**** Collected material ****

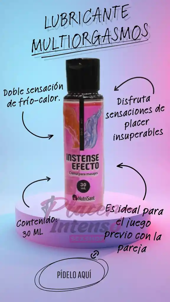 La mejor combinación para un orgasmo y un delicioso sexo oral (saborizado). Disfruta sensaciones de placer insuperables y alcanza múltiples orgasmos con el Gel Multiorgasmos Intense Efecto con doble sensación de frío-calor. Es ideal para el juego previo con la pareja y descubrir las zonas de mayor sensibilidad. Características del Gel Multiorgasmos Intense Efecto Frío- Caliente Contenido: 30 ml A base de agua Extractos naturales pH balanceado
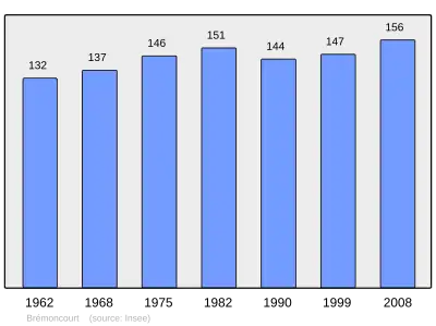 Według danych na rok 1990 gminę zamieszkiwały 144 osoby, a gęstość zaludnienia wynosiła 27 osób/km² (wśród 2335 gmin Lotaryngii Brémoncourt plasuje się na 901. miejscu pod względem liczby ludności, natomiast pod względem powierzchni na miejscu 981.).
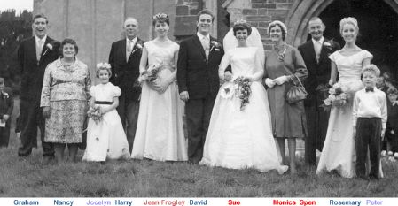 | Sue and David's wedding with, left-to-right, David's brother Graham, Mum Nancy, cousin Jocelyn, Dad Harry, Jean Frogley (Sue's Schoolfriend), David, Sue, Sue's mum Monica, her father Spen, David's sister Rosemary, cousin Peter. In the background on the right is Melvyn Round, in the background on the right, cousin Michael. |
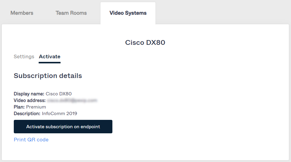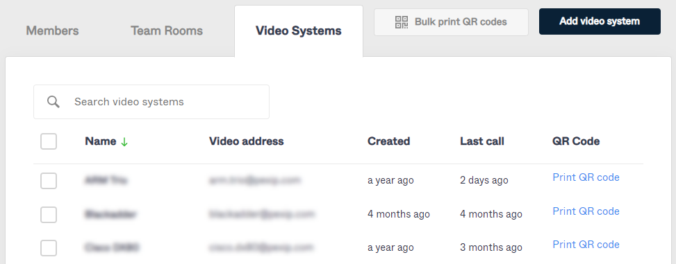 Select the tab to see and modify your existing video systems, and print their associated QR codes. (The other tabs on this page allow you to maintain the members (users) and team rooms within your company.)

****

* Work task
Only the lines from the one containing "cousin Michael. |" through the final line of the material should appear in the answer, copied exactly and without any picture.

* Exercise response
 | Sue and David's wedding with, left-to-right, David's brother Graham, Mum Nancy, cousin Jocelyn, Dad Harry, Jean Frogley (Sue's Schoolfriend), David, Sue, Sue's mum Monica, her father Spen, David's sister Rosemary, cousin Peter. In the background on the right is Melvyn Round, in the background on the right, cousin Michael. |
 Select the tab to see and modify your existing video systems, and print their associated QR codes. (The other tabs on this page allow you to maintain the members (users) and team rooms within your company.)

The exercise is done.